Students with Mobility Impairments

There are a wide range of mobility impairments that might influence a student's ability to function in a college setting. Students with mobility concerns may have experienced spinal cord injuries, Muscular Dystrophy, Cerebral Palsy, Multiple Sclerosis, arthritis, amputation, paralysis and stroke. Some students may need to use canes, walkers or wheelchairs. Others may experience impairments to specific parts of their bodies (e.g., hands, wrists). Some students are coping with temporary injuries, such as broken bones or repetitive stress conditions, such as carpal tunnel syndrome. Students may have trouble handwriting class assignments and/or they may be unable to type. Some students may have difficulty getting quickly from class to class. A student's abilities could vary daily depending on the nature of the condition.

The Student Disability Service aims to provide faculty members with as much notice as possible if we find that a student with a mobility concern is going to be enrolled in your course. Typically, we will help to arrange a meeting between you and the student so that you can discuss the kinds of accommodations that will be most helpful without altering fundamental course requirements.
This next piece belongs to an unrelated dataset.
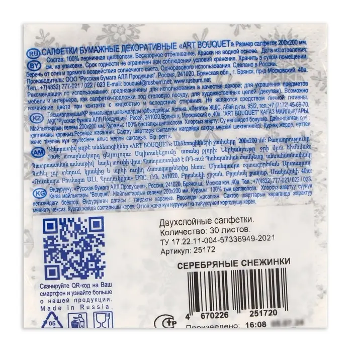 Салфетки бумажные Art Bouquet «Серебряные снежинки» — это двухслойные салфетки размером 20х20 см, которые станут прекрасным дополнением к вашему столу или интерьеру. Они изготовлены из высококачественной целлюлозы и красок на водной основе, что гарантирует их экологичность и безопасность для здоровья.

Common Types of Accommodations for Students with Mobility Impairments

  • Accessible locations for classrooms, labs and field trips.
  • Wide aisles and uncluttered work areas.
  • Adjustable height and tilt tables; equipment located within reach.
  • Notetakers, scribes and lab assistants.
  • Group lab assignments.
  • Extended time tests/exams or alternative testing arrangements.
  • Computers with speech input and alternative keyboards.
  • Course materials available in electronic format.
  • When speaking with a student in a wheelchair, sit down or move back to create a more comfortable angle for conversation.
  • A wheelchair or scooter is part of a student's "personal space." Please do not lean on a chair, touch it or push it unless asked.
  • For courses that include field trips or internships, please feel free to consult with the student and with the Student Disability Service to discuss any needs. We can help you identify and coordinate accommodations.
  • Please consult with the student and the Student Disability Service in advance to arrange a plan for how a student will gain assistance in the event of a fire drill or event that requires the fast evacuation of a class or a lab.

Adapted from DO-IT, University of Washington Mobility Impairment Resources

Student Disclosure

If a student identifies to you as having a disability and expresses a need for accommodations, please ask whether the student has also registered with the Student Disability Service so that we can draft formal accommodations letters. We recommend that you schedule an individual meeting with the student so that the two of you can identify accommodations that will enable the student to access the course material without altering fundamental course requirements. We have found that even when multiple students have the same disability, each student often benefits from different strategies for accessing the material.

Confidentiality Note

Protection of a student's privacy is very important. Disability status and accommodations are highly confidential. Please do not discuss a student's situation and accommodations without the student's permission.